BUG: unable to handle kernel NULL pointer dereference at virtual address 000000fc
 printing eip:
c0104b84
*pde = 00000000
Oops: 0000 [#1]
Modules linked in: rtc 3c59x mii ide_cd cdrom yenta_socket rsrc_nonstatic pcmcia_core psmouse uhci_hcd usbcore evdev pcspkr
CPU:    0
EIP:    0060:[<c0104b84>]    Not tainted VLI
EFLAGS: 00010202   (2.6.20-gentoo-r8 #1)
EIP is at arch_ptrace+0x5ea/0x828
eax: 000000f8   ebx: f6dfd580   ecx: 000000ff   edx: f6f1a030
esi: 000000ff   edi: b7fad410   ebp: 00000000   esp: c2209f68
ds: 007b   es: 007b   ss: 0068
Process test (pid: 28205, ti=c2208000 task=f6dc8550 task.ti=c2208000)
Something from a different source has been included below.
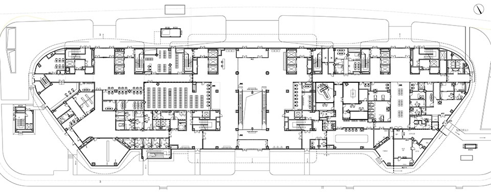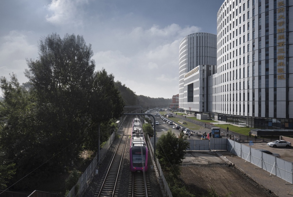 Located in the northeast corner of the university, the Third Affiliated Hospital of Changchun University of Chinese Medicine is a Grade III Class A hospital of traditional Chinese medicine. The building is structured by a 6-storey linear shaped podium with tower A and tower B on the east end and west end respectively, amounting to a gross floor area of 83561m² including 57,966m² aboveground and 25,595m² underground. The podium floors accommodate multiple functions such as the outpatient department, the emergency department, the inpatient department, the physical exam center, the clinical laboratory, etc. In total, the new hospital has a bed capacity of 700.

Stack: c020850a f6c9f380 f6f1a030 00000000 0000000b 00000001 00000046 c01163b5
       f6f1a030 00000000 00000009 00000000 c0119033 00000000 00000000 00000009
       00000000 b7fa3ff4 c2208000 c01028be 00000009 00006e2e 00000000 00000000
Call Trace:
 [<c020850a>] net_tx_action+0x3b/0xba
 [<c01163b5>] __do_softirq+0x3e/0x83
 [<c0119033>] sys_ptrace+0x63/0x89
 [<c01028be>] sysenter_past_esp+0x5f/0x85
 [<c0240033>] sysctl_tcp_congestion_control+0x7b/0x83
 =======================
Code: 00 ff 8b 5c 01 00 00 79 0b 8d 83 5c 01 00 00 e8 d7 81 14 00 8b 54 24 08 8b 9a 80 00 00 00 89 f0 25 f8 ff 00 00 03 83 6c 01 00 00 <8b> 48 04 89 fa 81 e2 ff ff 00 00 f7 c1 00 00 40 00 0f 44 fa 0f
EIP: [<c0104b84>] arch_ptrace+0x5ea/0x828 SS:ESP 0068:c2209f68
Comment 2 Anton Salikhmetov 2007-11-01 06:13:10 UTC
The following commit fixes this bug:

http://git.kernel.org/?p=linux/kernel/git/torvalds/linux-2.6.git;a=commit;h=29eb51101c02df517ca64ec472d7501127ad1da8

Indeed, the test case does not cause any Oopses when using the 2.6.23 kernel. Therefore, this bug can be closed now.